I will test it with libxml2-2.7.3 and report here.
Comment 35 Mark Rowe (bdash) 2010-08-26 16:23:56 PDT
(In reply to comment #34)
> (In reply to comment #33)
> > Has this patch been tested with older versions of libxml2?
> 
> I will test it with libxml2-2.7.3 and report here.

We need to make sure that this works as far back as libxml2-2.6.16, the version that Tiger and Leopard use.
Comment 36 Paweł Hajdan, Jr. 2010-08-27 07:40:10 PDT
(In reply to comment #35)
> We need to make sure that this works as far back as libxml2-2.6.16,
> the version that Tiger and Leopard use.
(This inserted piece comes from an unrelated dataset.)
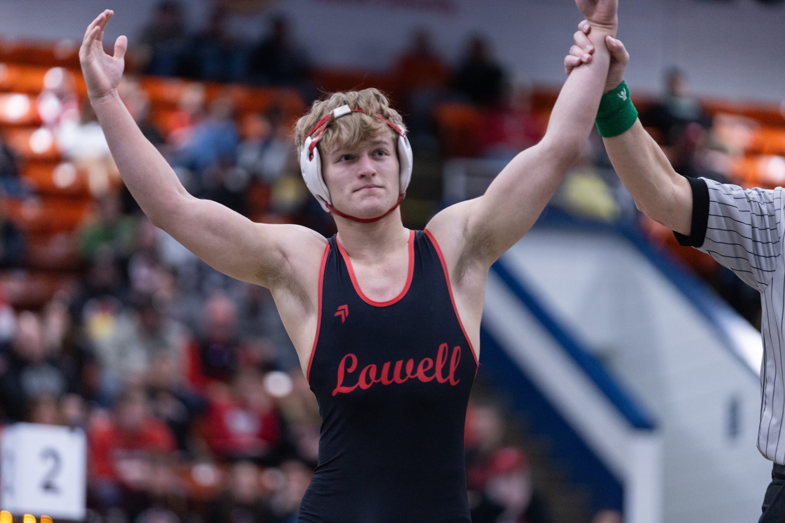 McFarland followed with a 13-1 major decision at 215. Meeuwsen won 10-7 at heavyweight. That match by Meeuwsen had coaches ecstatic for Meeuwsen and is a boost of confidence heading into individual state next weekend for the Lowell sophomore. After a loss at 106, the only loss of the dual, Lowell controlled nearly every remaining match.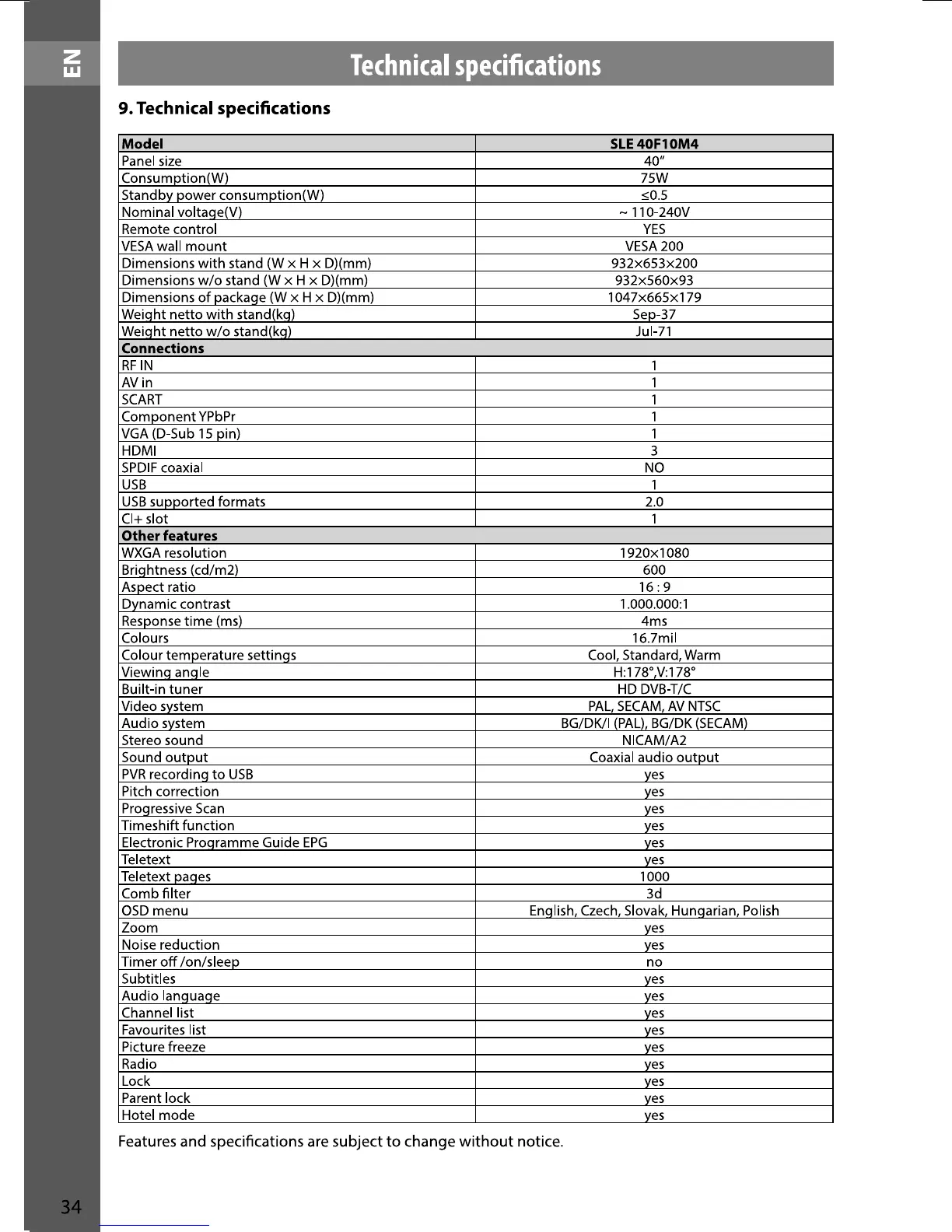 Sencor SLE 40F10M4 - Page 34

I have tested with the following versions of libxml2: 2.7.7, 2.7.3, and 2.6.16. The patch seems to work fine for all of those versions.
Comment 37 WebKit Commit Bot 2010-08-29 13:46:33 PDT
Comment on attachment 65637 [details]
patch

Clearing flags on attachment: 65637

Committed r66336: <http://trac.webkit.org/changeset/66336>
Comment 38 WebKit Commit Bot 2010-08-29 13:46:40 PDT
All reviewed patches have been landed.  Closing bug.
Comment 39 Vincent Lefevre 2010-08-30 08:09:19 PDT
*** Bug 34063 has been marked as a duplicate of this bug. ***
Comment 40 Martin Robinson 2010-09-16 10:34:23 PDT
This seems to have fixed a large number of the tests that were failing because of libxml issues, but not all them. For instance, see: http/tests/xmlhttprequest/broken-xml-encoding.html or just search for "libxml" in the GTK+ skipped list.